> **RECORDS FOR PROCESSING**
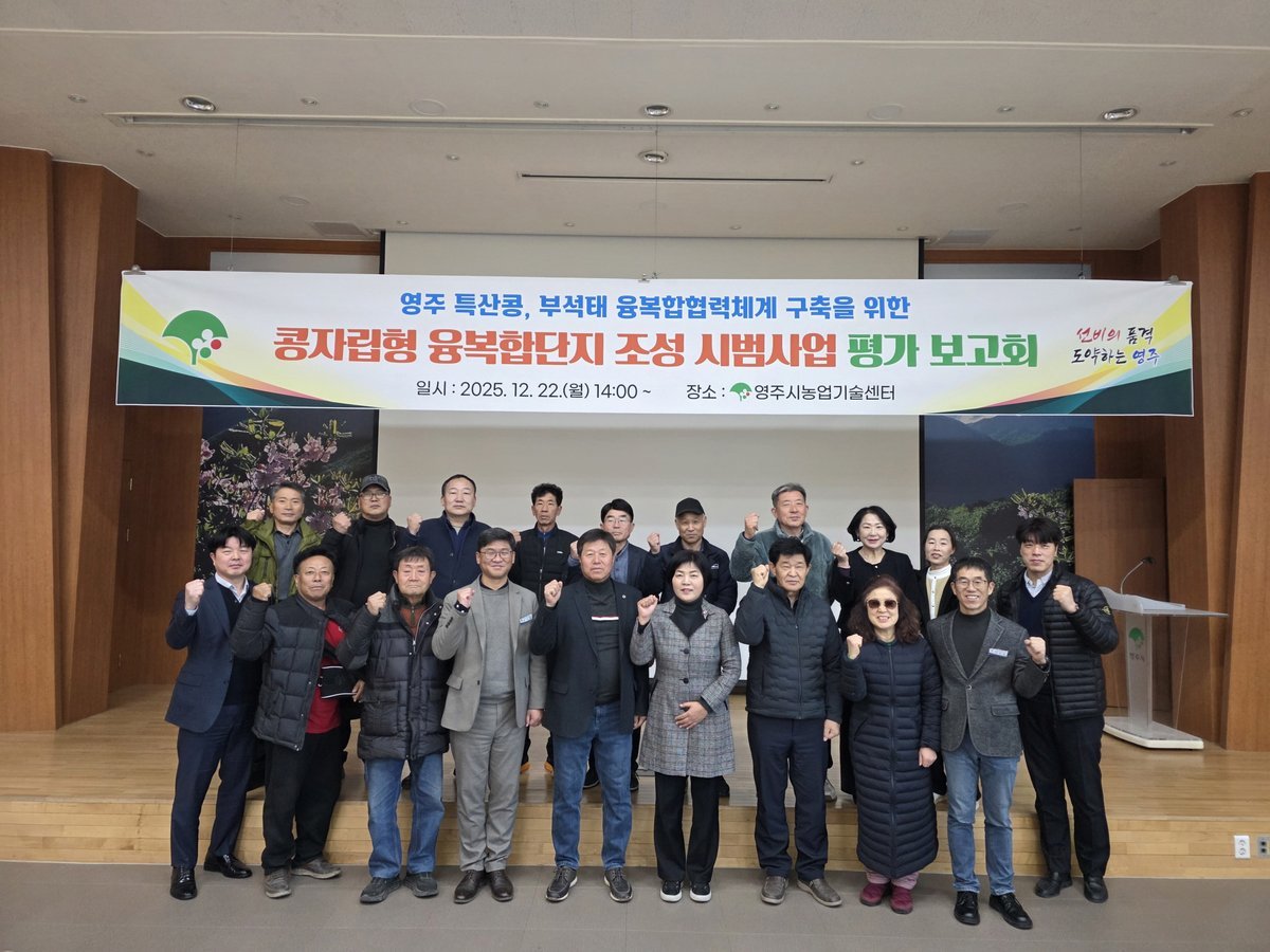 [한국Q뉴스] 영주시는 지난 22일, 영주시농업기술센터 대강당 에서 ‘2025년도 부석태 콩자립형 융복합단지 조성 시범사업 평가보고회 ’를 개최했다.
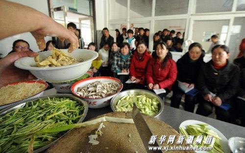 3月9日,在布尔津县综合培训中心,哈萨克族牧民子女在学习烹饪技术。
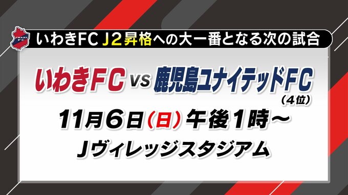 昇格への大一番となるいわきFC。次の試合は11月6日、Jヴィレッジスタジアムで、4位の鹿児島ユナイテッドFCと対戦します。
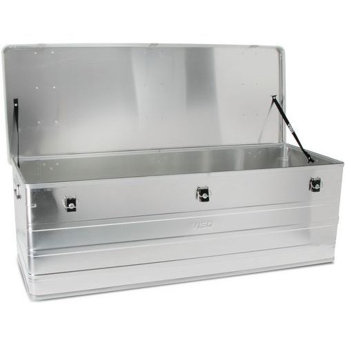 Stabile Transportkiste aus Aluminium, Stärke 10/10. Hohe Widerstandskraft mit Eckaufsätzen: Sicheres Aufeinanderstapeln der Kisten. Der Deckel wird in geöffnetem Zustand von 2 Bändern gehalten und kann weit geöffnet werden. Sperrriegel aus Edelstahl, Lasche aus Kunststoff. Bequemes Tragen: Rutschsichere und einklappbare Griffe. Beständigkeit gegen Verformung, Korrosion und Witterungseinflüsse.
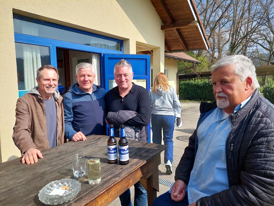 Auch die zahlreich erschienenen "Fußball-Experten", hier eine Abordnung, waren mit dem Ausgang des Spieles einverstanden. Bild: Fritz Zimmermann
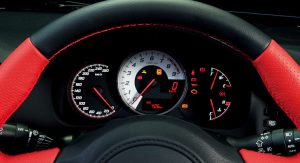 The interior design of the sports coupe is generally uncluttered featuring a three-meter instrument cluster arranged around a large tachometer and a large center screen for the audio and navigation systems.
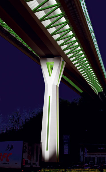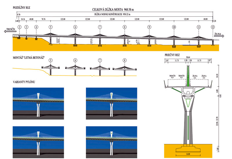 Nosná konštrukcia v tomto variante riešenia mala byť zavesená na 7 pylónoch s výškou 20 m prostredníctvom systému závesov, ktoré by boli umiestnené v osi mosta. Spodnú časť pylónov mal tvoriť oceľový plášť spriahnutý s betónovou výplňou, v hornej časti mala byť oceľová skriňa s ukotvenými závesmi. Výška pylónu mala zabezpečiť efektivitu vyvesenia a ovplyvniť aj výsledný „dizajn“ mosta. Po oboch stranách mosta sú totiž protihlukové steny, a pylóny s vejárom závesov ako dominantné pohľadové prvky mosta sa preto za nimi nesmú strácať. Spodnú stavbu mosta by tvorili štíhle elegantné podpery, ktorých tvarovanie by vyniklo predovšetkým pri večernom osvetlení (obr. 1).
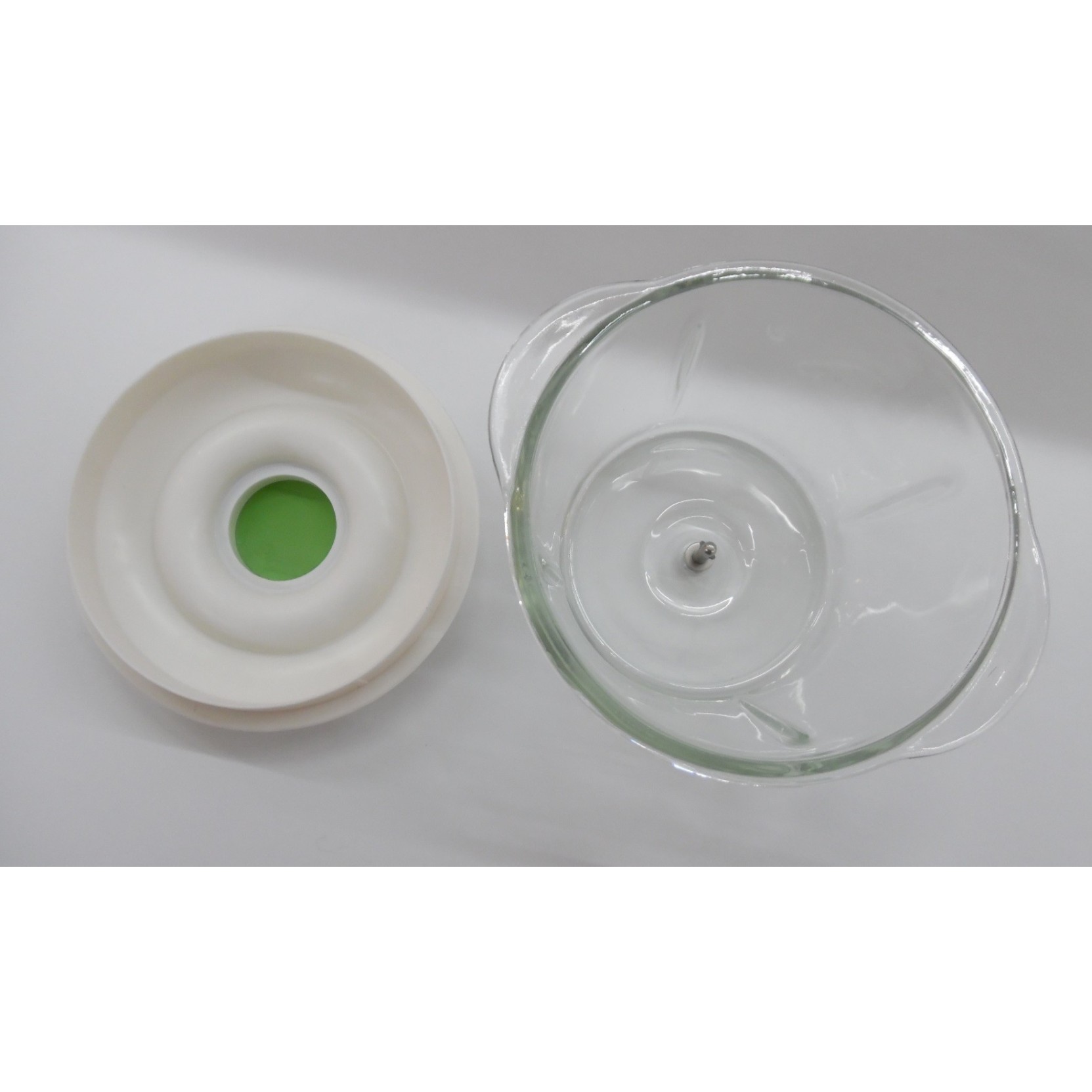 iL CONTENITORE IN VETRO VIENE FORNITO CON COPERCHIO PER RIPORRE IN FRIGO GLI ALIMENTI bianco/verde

> **AIM OF THE TASK**
Your answer should be the lines from the opening of the records through the line with "Stabile Transportkiste aus", both ends retyped exactly and pictures left out.

> **EXERCISE OUTPUT**
 [한국Q뉴스] 영주시는 지난 22일, 영주시농업기술센터 대강당 에서 ‘2025년도 부석태 콩자립형 융복합단지 조성 시범사업 평가보고회 ’를 개최했다.
 3月9日,在布尔津县综合培训中心,哈萨克族牧民子女在学习烹饪技术。
 昇格への大一番となるいわきFC。次の試合は11月6日、Jヴィレッジスタジアムで、4位の鹿児島ユナイテッドFCと対戦します。
 Stabile Transportkiste aus Aluminium, Stärke 10/10. Hohe Widerstandskraft mit Eckaufsätzen: Sicheres Aufeinanderstapeln der Kisten. Der Deckel wird in geöffnetem Zustand von 2 Bändern gehalten und kann weit geöffnet werden. Sperrriegel aus Edelstahl, Lasche aus Kunststoff. Bequemes Tragen: Rutschsichere und einklappbare Griffe. Beständigkeit gegen Verformung, Korrosion und Witterungseinflüsse.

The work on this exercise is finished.